[Exercise directions]
In the entries below, the lines from the one with "KTM 1290 Super" through the one with "7. A análise" are to be copied exactly; both ends count.

(Collected data entries)
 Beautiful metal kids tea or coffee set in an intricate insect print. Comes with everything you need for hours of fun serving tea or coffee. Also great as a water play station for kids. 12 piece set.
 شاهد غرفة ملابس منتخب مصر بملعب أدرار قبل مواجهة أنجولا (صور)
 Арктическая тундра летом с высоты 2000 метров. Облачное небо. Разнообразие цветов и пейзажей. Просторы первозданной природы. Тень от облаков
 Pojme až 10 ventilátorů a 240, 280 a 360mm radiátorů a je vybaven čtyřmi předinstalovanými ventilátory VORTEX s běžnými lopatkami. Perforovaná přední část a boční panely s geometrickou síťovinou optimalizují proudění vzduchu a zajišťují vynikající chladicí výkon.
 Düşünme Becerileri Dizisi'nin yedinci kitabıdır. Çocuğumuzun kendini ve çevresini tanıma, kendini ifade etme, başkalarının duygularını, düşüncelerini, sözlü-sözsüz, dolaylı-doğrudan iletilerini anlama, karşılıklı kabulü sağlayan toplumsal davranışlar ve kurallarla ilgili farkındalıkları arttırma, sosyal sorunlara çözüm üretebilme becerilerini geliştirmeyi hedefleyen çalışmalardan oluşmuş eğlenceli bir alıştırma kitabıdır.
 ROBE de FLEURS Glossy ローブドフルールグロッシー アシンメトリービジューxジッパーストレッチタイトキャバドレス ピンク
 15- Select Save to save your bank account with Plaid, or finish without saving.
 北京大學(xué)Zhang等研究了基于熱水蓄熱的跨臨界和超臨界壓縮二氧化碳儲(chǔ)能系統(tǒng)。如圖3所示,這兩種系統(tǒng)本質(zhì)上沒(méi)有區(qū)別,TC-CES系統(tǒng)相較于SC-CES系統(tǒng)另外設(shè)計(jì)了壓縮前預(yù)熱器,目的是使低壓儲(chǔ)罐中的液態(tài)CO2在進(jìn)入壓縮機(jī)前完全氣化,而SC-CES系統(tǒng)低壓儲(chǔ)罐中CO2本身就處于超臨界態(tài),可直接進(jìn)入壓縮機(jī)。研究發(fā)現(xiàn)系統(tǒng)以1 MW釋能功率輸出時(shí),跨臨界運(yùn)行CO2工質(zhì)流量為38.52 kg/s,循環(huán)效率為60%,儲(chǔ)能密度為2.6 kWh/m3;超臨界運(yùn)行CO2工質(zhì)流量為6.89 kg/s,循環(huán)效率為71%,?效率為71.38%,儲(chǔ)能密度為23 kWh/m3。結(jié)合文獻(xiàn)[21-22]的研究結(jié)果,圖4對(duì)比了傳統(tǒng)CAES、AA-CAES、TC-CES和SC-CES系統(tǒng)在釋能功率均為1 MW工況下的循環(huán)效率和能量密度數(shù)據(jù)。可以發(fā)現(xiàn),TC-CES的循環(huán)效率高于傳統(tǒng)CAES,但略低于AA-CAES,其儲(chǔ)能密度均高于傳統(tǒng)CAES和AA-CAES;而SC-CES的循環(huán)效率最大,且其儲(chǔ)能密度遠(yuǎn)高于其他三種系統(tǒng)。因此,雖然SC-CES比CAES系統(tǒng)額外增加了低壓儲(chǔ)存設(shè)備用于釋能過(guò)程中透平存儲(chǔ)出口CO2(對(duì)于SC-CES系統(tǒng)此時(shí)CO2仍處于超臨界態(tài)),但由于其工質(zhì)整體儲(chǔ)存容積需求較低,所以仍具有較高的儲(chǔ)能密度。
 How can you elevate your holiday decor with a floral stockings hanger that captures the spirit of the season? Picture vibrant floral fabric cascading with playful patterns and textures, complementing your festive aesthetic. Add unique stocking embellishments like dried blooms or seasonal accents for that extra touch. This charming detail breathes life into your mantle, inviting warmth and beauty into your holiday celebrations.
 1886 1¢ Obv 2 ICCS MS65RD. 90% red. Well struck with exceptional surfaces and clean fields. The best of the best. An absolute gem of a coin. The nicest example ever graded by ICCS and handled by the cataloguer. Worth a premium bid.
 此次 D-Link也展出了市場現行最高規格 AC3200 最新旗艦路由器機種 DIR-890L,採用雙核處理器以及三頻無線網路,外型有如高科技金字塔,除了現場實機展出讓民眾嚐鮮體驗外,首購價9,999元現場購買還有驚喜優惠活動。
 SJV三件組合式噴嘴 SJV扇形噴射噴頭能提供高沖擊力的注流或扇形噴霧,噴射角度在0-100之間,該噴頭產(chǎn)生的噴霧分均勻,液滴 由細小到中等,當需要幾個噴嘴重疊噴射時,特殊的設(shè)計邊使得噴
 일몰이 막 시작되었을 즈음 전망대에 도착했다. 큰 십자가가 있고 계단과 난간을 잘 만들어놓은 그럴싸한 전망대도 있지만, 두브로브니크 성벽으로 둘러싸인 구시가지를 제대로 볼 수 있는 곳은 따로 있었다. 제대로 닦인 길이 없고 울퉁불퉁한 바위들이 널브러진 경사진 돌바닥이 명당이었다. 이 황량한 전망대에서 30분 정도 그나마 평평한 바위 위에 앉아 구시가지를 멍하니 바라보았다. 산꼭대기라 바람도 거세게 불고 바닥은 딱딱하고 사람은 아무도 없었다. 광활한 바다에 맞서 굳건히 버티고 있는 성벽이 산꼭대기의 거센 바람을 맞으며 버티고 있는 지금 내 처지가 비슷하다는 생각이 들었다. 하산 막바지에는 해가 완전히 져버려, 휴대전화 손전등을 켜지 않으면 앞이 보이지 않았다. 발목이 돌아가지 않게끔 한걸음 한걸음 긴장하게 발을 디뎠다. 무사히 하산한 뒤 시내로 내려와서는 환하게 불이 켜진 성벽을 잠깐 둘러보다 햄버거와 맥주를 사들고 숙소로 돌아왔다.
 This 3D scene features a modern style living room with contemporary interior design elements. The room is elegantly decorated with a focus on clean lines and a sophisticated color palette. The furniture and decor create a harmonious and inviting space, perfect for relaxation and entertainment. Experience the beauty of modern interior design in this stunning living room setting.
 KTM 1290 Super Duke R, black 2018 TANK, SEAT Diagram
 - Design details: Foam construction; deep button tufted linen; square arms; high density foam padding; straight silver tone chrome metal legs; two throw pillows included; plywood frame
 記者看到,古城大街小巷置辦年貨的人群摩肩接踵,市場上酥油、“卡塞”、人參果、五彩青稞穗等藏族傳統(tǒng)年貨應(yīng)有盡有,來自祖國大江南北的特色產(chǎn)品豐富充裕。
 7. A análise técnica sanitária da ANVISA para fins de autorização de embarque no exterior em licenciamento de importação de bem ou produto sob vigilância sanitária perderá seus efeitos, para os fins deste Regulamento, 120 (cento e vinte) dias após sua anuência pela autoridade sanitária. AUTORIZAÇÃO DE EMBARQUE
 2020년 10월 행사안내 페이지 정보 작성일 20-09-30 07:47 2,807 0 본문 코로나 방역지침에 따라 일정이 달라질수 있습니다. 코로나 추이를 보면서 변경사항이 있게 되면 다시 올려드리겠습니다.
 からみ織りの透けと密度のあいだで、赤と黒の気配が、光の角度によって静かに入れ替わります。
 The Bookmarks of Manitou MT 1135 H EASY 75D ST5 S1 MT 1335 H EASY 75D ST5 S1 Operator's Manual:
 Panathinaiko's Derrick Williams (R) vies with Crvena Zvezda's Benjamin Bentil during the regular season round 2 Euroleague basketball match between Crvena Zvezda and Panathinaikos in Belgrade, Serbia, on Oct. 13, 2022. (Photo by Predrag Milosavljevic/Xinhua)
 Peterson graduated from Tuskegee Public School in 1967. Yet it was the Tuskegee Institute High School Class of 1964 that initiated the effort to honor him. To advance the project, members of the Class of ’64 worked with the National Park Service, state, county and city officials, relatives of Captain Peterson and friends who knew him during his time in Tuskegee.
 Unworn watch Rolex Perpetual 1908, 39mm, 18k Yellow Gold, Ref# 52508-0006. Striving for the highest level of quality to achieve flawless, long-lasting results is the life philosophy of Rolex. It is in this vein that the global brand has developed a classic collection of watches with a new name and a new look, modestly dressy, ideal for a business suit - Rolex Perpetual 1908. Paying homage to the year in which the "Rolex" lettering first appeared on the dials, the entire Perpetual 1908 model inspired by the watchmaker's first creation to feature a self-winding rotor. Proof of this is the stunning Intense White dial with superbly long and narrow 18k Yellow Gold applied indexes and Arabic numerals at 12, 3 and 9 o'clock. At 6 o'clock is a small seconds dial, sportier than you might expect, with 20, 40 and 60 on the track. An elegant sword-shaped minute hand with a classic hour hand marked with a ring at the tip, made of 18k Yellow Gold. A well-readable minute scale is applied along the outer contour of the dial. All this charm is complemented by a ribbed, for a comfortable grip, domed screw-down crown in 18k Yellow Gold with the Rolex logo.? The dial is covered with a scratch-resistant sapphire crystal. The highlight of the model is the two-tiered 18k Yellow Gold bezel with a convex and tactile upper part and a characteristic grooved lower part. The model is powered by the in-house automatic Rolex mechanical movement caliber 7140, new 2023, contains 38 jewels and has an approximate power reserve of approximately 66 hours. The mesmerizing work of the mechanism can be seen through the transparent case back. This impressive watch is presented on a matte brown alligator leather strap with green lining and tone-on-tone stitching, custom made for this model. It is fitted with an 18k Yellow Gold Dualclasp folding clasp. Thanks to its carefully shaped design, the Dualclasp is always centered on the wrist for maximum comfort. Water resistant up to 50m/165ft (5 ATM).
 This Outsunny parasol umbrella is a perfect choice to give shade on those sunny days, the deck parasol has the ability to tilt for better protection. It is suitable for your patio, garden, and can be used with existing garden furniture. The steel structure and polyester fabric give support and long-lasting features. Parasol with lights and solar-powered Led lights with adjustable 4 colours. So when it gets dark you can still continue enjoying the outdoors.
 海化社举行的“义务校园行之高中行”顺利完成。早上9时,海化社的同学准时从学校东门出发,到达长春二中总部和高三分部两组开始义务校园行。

[Response to this task]
 KTM 1290 Super Duke R, black 2018 TANK, SEAT Diagram
 - Design details: Foam construction; deep button tufted linen; square arms; high density foam padding; straight silver tone chrome metal legs; two throw pillows included; plywood frame
 記者看到,古城大街小巷置辦年貨的人群摩肩接踵,市場上酥油、“卡塞”、人參果、五彩青稞穗等藏族傳統(tǒng)年貨應(yīng)有盡有,來自祖國大江南北的特色產(chǎn)品豐富充裕。
 7. A análise técnica sanitária da ANVISA para fins de autorização de embarque no exterior em licenciamento de importação de bem ou produto sob vigilância sanitária perderá seus efeitos, para os fins deste Regulamento, 120 (cento e vinte) dias após sua anuência pela autoridade sanitária. AUTORIZAÇÃO DE EMBARQUE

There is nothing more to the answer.